- _What you will do_
Could the data below be copied exactly, minus the pictures?

- _Dataset_
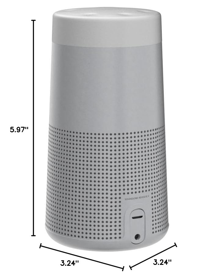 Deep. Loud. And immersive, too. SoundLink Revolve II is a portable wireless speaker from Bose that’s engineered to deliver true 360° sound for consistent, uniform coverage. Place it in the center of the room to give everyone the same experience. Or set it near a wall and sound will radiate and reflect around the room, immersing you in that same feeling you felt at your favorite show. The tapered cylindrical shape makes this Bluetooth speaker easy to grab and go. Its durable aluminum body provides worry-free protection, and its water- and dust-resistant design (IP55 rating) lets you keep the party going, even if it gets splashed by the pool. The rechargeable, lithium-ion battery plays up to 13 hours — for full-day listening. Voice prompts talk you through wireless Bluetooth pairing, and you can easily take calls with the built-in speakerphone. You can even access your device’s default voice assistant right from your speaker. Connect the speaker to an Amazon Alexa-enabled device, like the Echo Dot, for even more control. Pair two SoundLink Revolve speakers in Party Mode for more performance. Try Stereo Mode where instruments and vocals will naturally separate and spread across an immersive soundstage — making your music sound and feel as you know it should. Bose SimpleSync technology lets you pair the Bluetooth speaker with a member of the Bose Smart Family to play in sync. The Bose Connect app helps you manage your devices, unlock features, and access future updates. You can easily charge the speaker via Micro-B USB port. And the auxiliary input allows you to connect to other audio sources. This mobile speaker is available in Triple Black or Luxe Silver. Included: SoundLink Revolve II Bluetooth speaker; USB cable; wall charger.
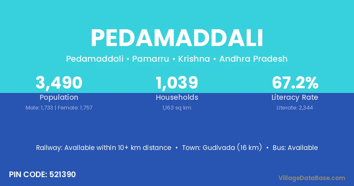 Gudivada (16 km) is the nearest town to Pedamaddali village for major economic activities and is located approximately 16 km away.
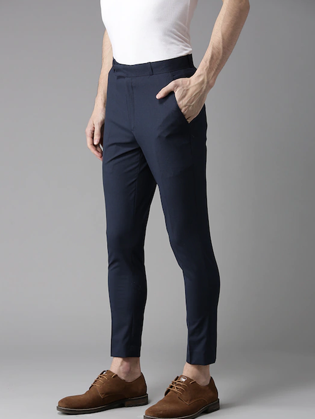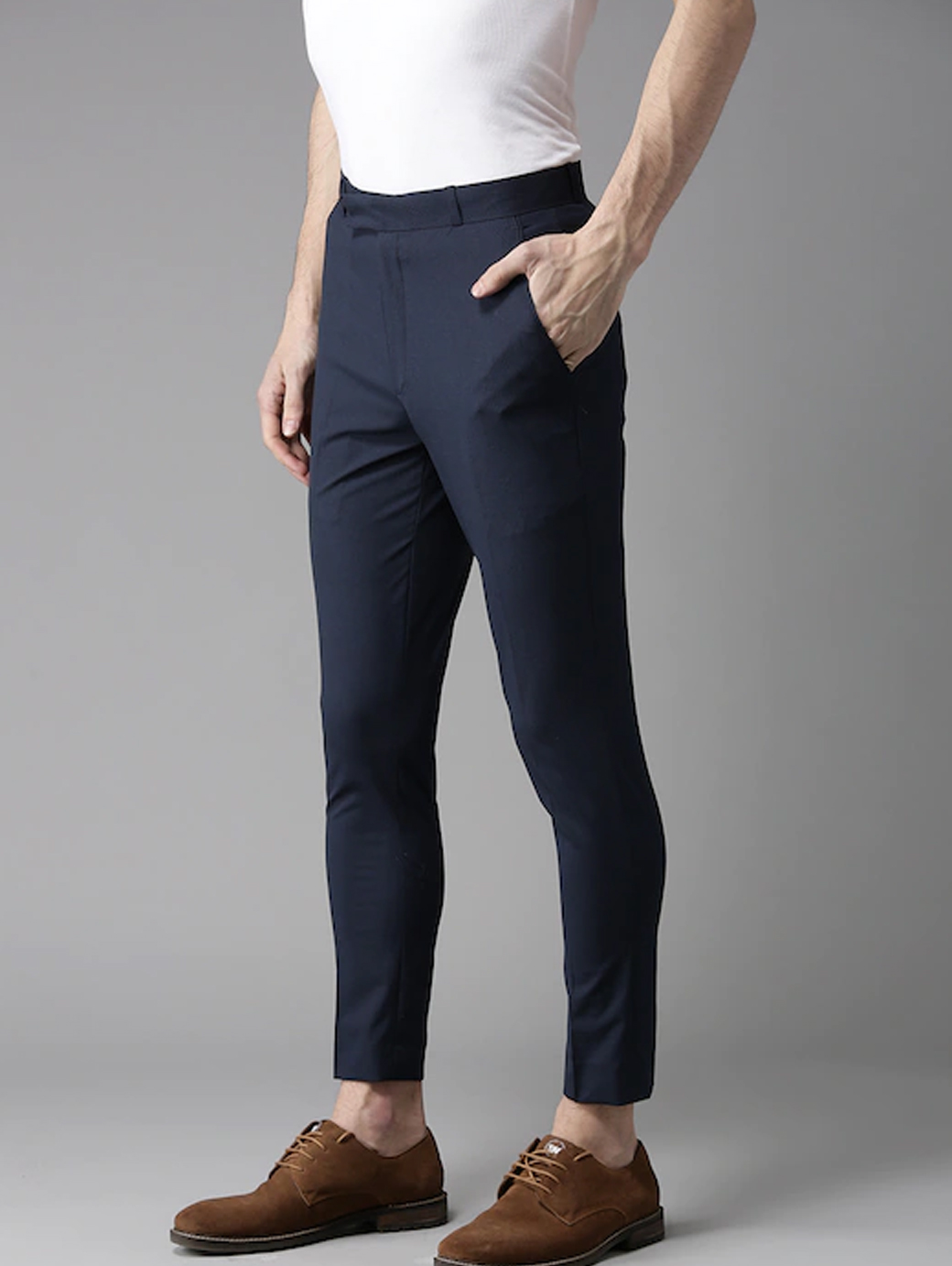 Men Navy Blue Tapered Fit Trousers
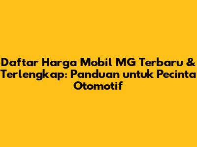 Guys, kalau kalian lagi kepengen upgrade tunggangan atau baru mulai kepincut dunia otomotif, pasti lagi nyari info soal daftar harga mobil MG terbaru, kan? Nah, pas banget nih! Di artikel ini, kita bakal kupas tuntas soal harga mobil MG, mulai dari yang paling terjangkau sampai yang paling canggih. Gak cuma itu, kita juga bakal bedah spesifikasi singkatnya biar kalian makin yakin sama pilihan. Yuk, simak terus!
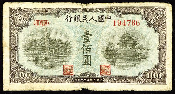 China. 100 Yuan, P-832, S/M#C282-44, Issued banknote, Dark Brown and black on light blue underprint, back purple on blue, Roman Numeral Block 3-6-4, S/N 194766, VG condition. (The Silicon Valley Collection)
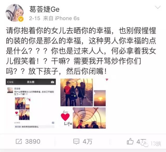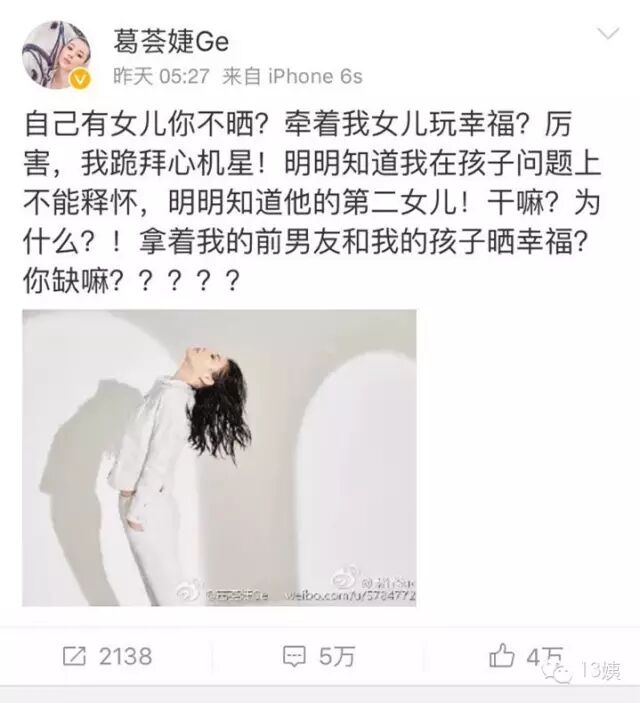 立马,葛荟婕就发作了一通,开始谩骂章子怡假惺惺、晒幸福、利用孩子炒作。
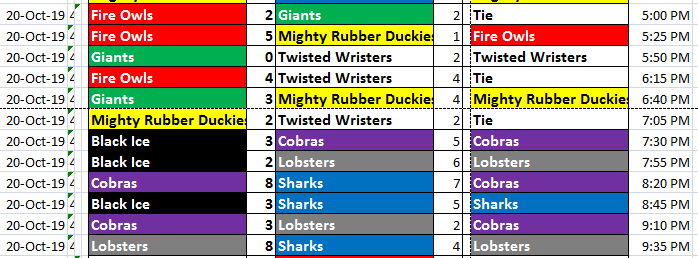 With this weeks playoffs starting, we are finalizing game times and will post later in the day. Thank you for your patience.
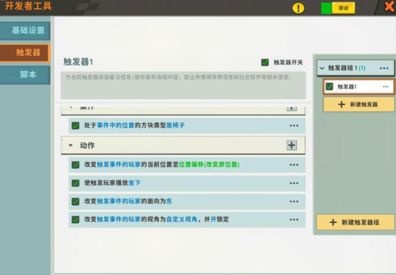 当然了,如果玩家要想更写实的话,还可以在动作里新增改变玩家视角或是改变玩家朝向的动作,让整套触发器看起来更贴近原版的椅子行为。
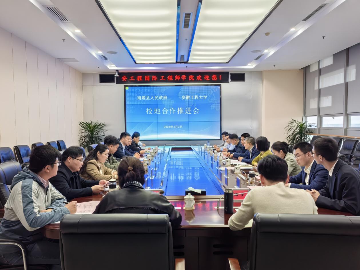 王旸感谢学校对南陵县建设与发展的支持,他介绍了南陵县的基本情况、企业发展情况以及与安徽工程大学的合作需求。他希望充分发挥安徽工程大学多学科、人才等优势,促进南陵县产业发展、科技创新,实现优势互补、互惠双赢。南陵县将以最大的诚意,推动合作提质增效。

- _Your solution_
 Deep. Loud. And immersive, too. SoundLink Revolve II is a portable wireless speaker from Bose that’s engineered to deliver true 360° sound for consistent, uniform coverage. Place it in the center of the room to give everyone the same experience. Or set it near a wall and sound will radiate and reflect around the room, immersing you in that same feeling you felt at your favorite show. The tapered cylindrical shape makes this Bluetooth speaker easy to grab and go. Its durable aluminum body provides worry-free protection, and its water- and dust-resistant design (IP55 rating) lets you keep the party going, even if it gets splashed by the pool. The rechargeable, lithium-ion battery plays up to 13 hours — for full-day listening. Voice prompts talk you through wireless Bluetooth pairing, and you can easily take calls with the built-in speakerphone. You can even access your device’s default voice assistant right from your speaker. Connect the speaker to an Amazon Alexa-enabled device, like the Echo Dot, for even more control. Pair two SoundLink Revolve speakers in Party Mode for more performance. Try Stereo Mode where instruments and vocals will naturally separate and spread across an immersive soundstage — making your music sound and feel as you know it should. Bose SimpleSync technology lets you pair the Bluetooth speaker with a member of the Bose Smart Family to play in sync. The Bose Connect app helps you manage your devices, unlock features, and access future updates. You can easily charge the speaker via Micro-B USB port. And the auxiliary input allows you to connect to other audio sources. This mobile speaker is available in Triple Black or Luxe Silver. Included: SoundLink Revolve II Bluetooth speaker; USB cable; wall charger.
 Gudivada (16 km) is the nearest town to Pedamaddali village for major economic activities and is located approximately 16 km away.
 Men Navy Blue Tapered Fit Trousers
 Guys, kalau kalian lagi kepengen upgrade tunggangan atau baru mulai kepincut dunia otomotif, pasti lagi nyari info soal daftar harga mobil MG terbaru, kan? Nah, pas banget nih! Di artikel ini, kita bakal kupas tuntas soal harga mobil MG, mulai dari yang paling terjangkau sampai yang paling canggih. Gak cuma itu, kita juga bakal bedah spesifikasi singkatnya biar kalian makin yakin sama pilihan. Yuk, simak terus!
 China. 100 Yuan, P-832, S/M#C282-44, Issued banknote, Dark Brown and black on light blue underprint, back purple on blue, Roman Numeral Block 3-6-4, S/N 194766, VG condition. (The Silicon Valley Collection)
 立马,葛荟婕就发作了一通,开始谩骂章子怡假惺惺、晒幸福、利用孩子炒作。
 With this weeks playoffs starting, we are finalizing game times and will post later in the day. Thank you for your patience.
 当然了,如果玩家要想更写实的话,还可以在动作里新增改变玩家视角或是改变玩家朝向的动作,让整套触发器看起来更贴近原版的椅子行为。
 王旸感谢学校对南陵县建设与发展的支持,他介绍了南陵县的基本情况、企业发展情况以及与安徽工程大学的合作需求。他希望充分发挥安徽工程大学多学科、人才等优势,促进南陵县产业发展、科技创新,实现优势互补、互惠双赢。南陵县将以最大的诚意,推动合作提质增效。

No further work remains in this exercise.